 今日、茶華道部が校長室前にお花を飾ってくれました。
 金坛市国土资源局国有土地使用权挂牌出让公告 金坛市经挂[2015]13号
* * *
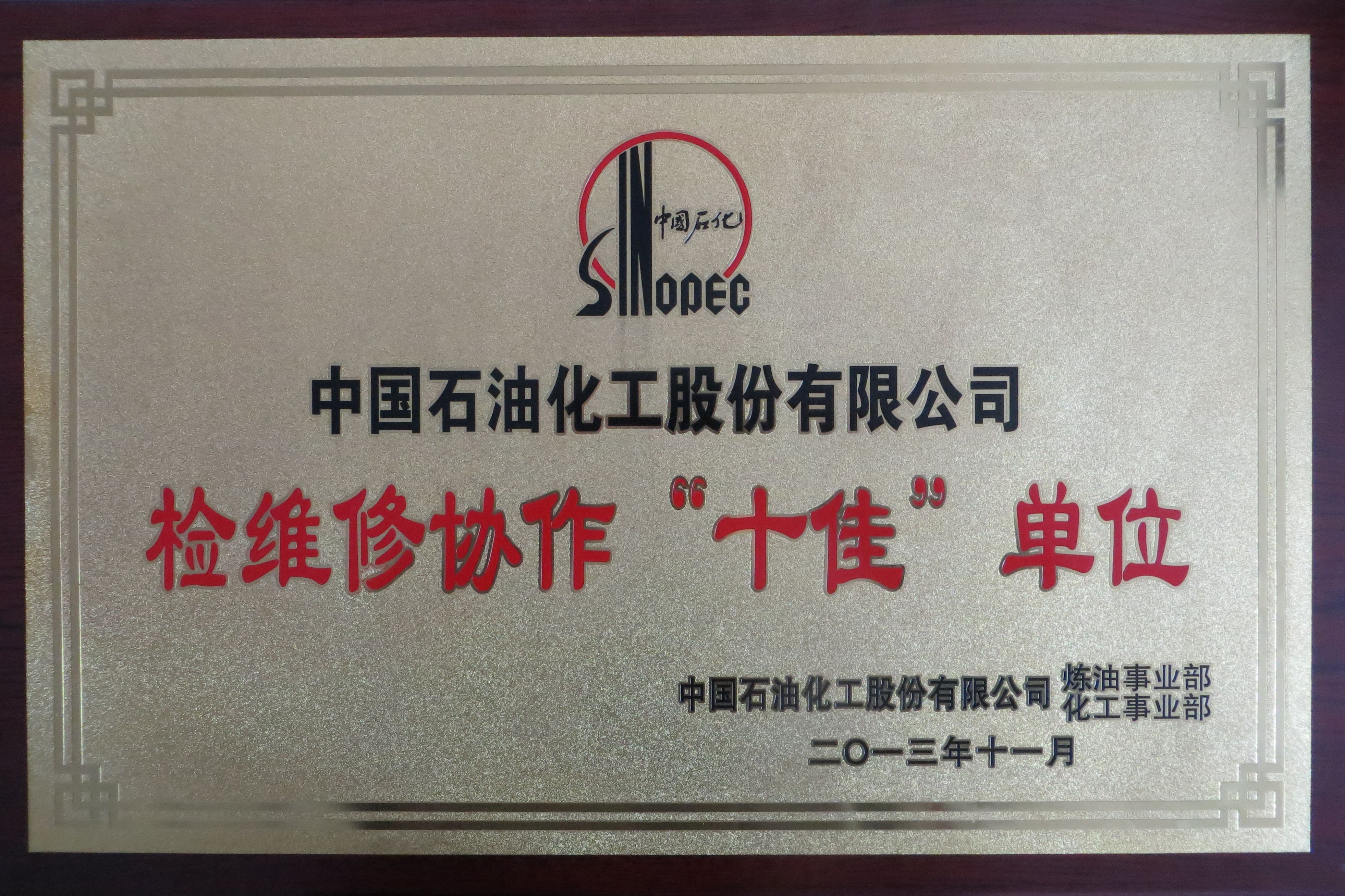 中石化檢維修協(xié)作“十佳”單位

Task goal: Using only the listing above, restate exactly the lines from the line containing "今日、茶華道部が校長室前にお花を飾ってくれました。" through the line containing "金坛市国土资源局国有土地使用权挂牌出让公告 金坛市经挂[2015]13号", both included.

Answer box:
 今日、茶華道部が校長室前にお花を飾ってくれました。
 金坛市国土资源局国有土地使用权挂牌出让公告 金坛市经挂[2015]13号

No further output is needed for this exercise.